Question

Harry just deposited $1500 into a savings account giving 6% interest compounded monthly. How much will be in the account after 10 years and 20 years ?

Answer 1

Compound Interest

It occurs when the interest is reinvested rather than paying it out.

When it happens interest in the next period is then earned on the principal sum plus previously accumulated interest.

The formula is:

`{\displaystyle A=P\mleft(1+{(r)/(n)}\mright)^(nt)}`

Where:

A=final amount

P=initial principal balance

r=interest rate

n=number of times interest applied per time period

t=number of time periods elapsed

Harry deposited an initial amount of P = $1500.

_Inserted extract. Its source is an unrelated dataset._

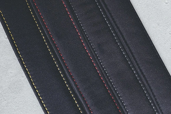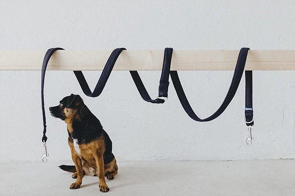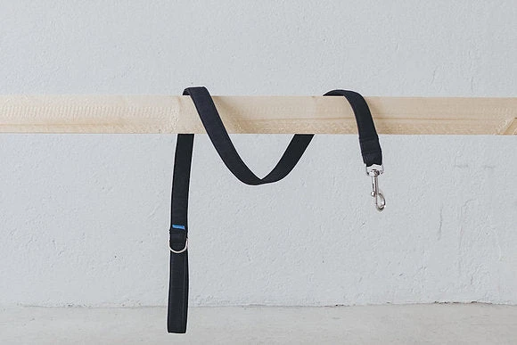 Laisse pour chien bleu marine en polyester recyclé avec des surpiqûres de couleur rouge ou jaune.

The savings account gives r = 6% = 0.06 interest

Since the interest is compounded monthly, n = 12 (there are 12 months in a year)

The time is t = 10 years.

Now we apply the formula:

`\begin{gathered} {\displaystyle A=1500(1+{(0.06)/(12)})^(12\cdot10)} \\ \text{Calculating:} \\ {\displaystyle A=1500(1+0.005)^(120)} \end{gathered}`

Using a calculator:

A = $2729.095

Rounding to two decimals,

A = $2729.10

Harry will have $2729.10 in his account after 10 years

Now for t = 20 years:

`{\displaystyle A=1500(1+{(0.06)/(12)})^(12\cdot20)}`

Calculating again:

A = $4965.31

Harry will have $4965.31 in his account after 20 years